There was water on Mars! More than 3 billion years ago, the Red Planet had an ocean, lakes and rivers. During periods known as the Noachian (4.1-3.7 billion years ago) and the Hesperian (3.7-2.9 billion years ago), Mars may have been suitable for life similar to our own. Later, however, it lost most of its atmosphere, and with it the ability to hold liquid water on the surface. While much of it must have escaped into space, scientists assume that large deposits may still be waiting stored beneath the globe’s surface.

Mars’ former surface water may have been incorporated into minerals, buried as ice or, what would be best for us, stored somewhere deep as liquid in aquifers. By studying the propagation velocity of seismic waves within a 50-km radius around the InSight lander on Elysium Planitia, a group of scientists from the Scripps Institution of Oceanography, the University of California, San Diego, and the Department of Earth and Planetary Sciences at the University of California, Berkeley, developed a model of water saturation in rocks at depths of ∼11.5-20 km using rock physics algorithms and Bayesian inference with Markov chain Monte Carlo sampling.

Scientists have concluded that from the data collected, the central crust of Mars, composed of fractured magma rocks, is saturated with liquid water. This has implications not so much for future manned missions to Mars (the liquid deposits are too deep for that), but for future attempts to find life on the Red Planet.
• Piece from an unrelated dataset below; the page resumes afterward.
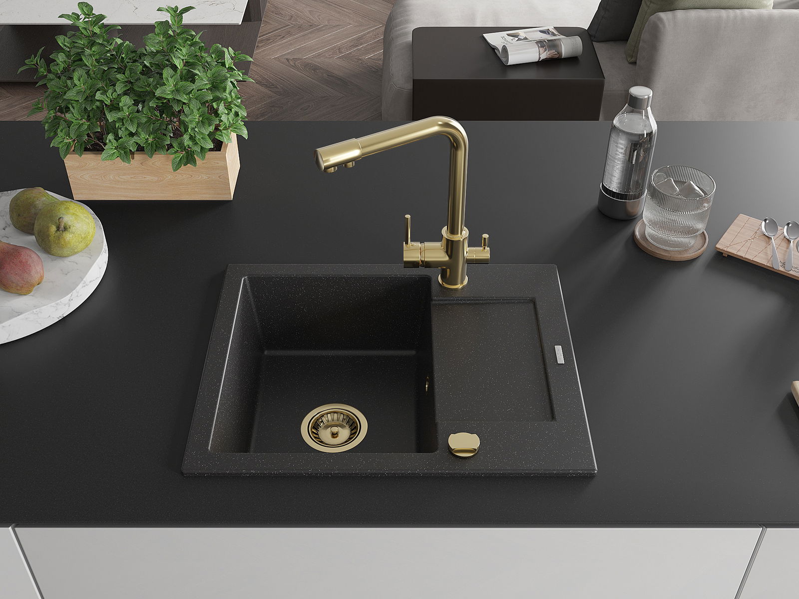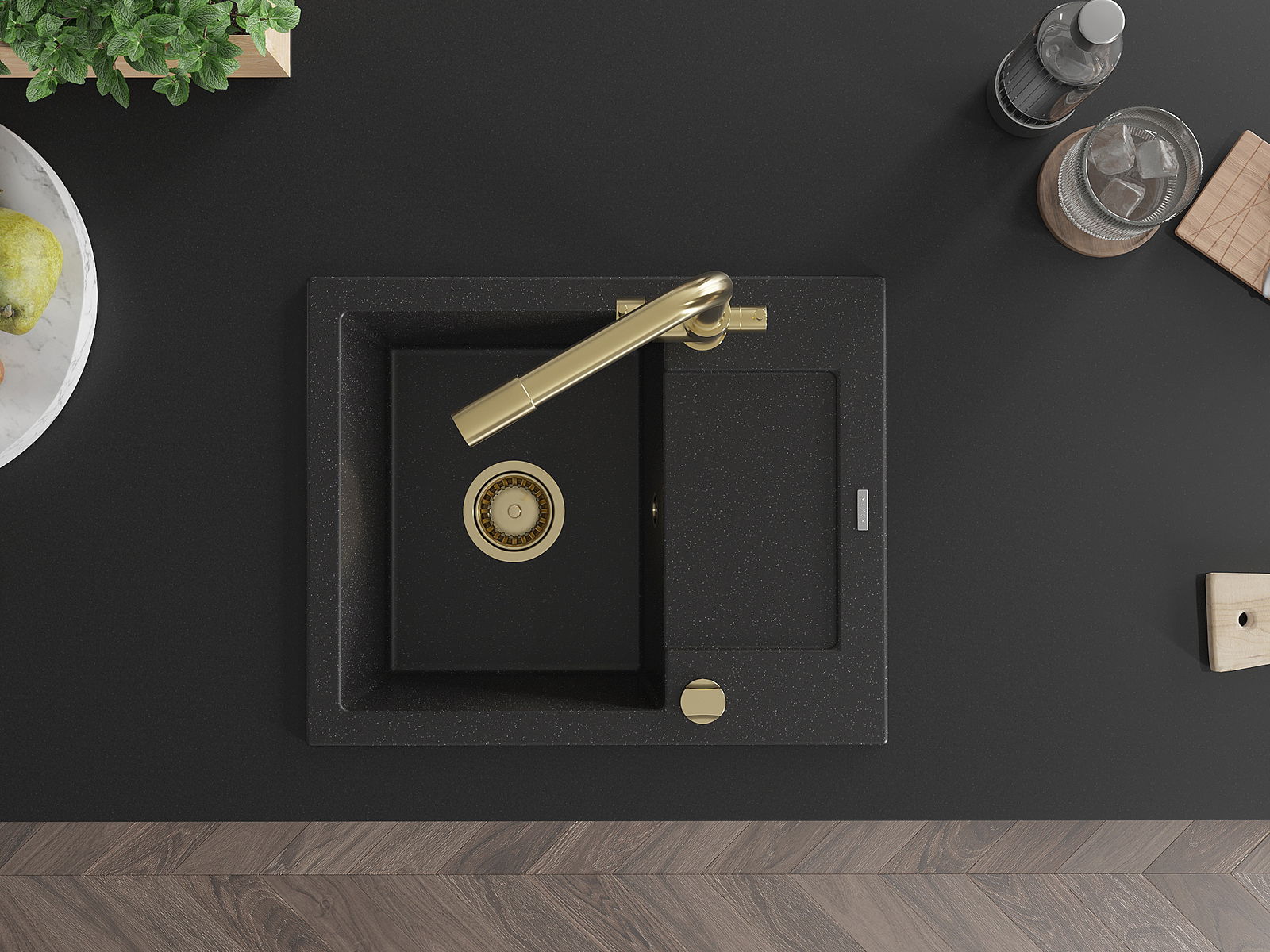 Mexen Enzo granitizlietne izlietne ar vienu nodalījumu, ar noteces vietu un virtuves jaucējkrānu Duero, melns/sudraba
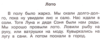 В поле было жарко. Мы ехали долго – долго, пока не увидели лес и село. Нас ждали в селе. Тётя Лена и дядя Сеня были нам рады. Мы хорошо провели лето. Ловили рыбу на реке, ели ватрушки на меду. Кувыркались на лугу в сене. А потом поехали в город.

Water on Mars – Red Planet

“We are alive, so we would like to preach the idea of life everywhere. […] I remember staring mesmerized at the first image of the horizon of Mars. This is not an alien world,” I thought. I knew similar places in Colorado, Arizona, Nevada…” – Carl Sagan, 1979, Cosmos

Mars is the closest planet to Earth. In addition, it could in the past and still can host life similar to ours, although on the surface, away from the ice caps, it is drier there today than in the driest place on our globe, the Atacama Desert in Chile. The search for life on Mars was dedicated to the experiments of the first American probes Viking 1 and Viking 2 sent to the Red Planet in 1976. Their results – interpreted in a variety of ways – have become a staple of discussions among astrobiologists that continue to this day.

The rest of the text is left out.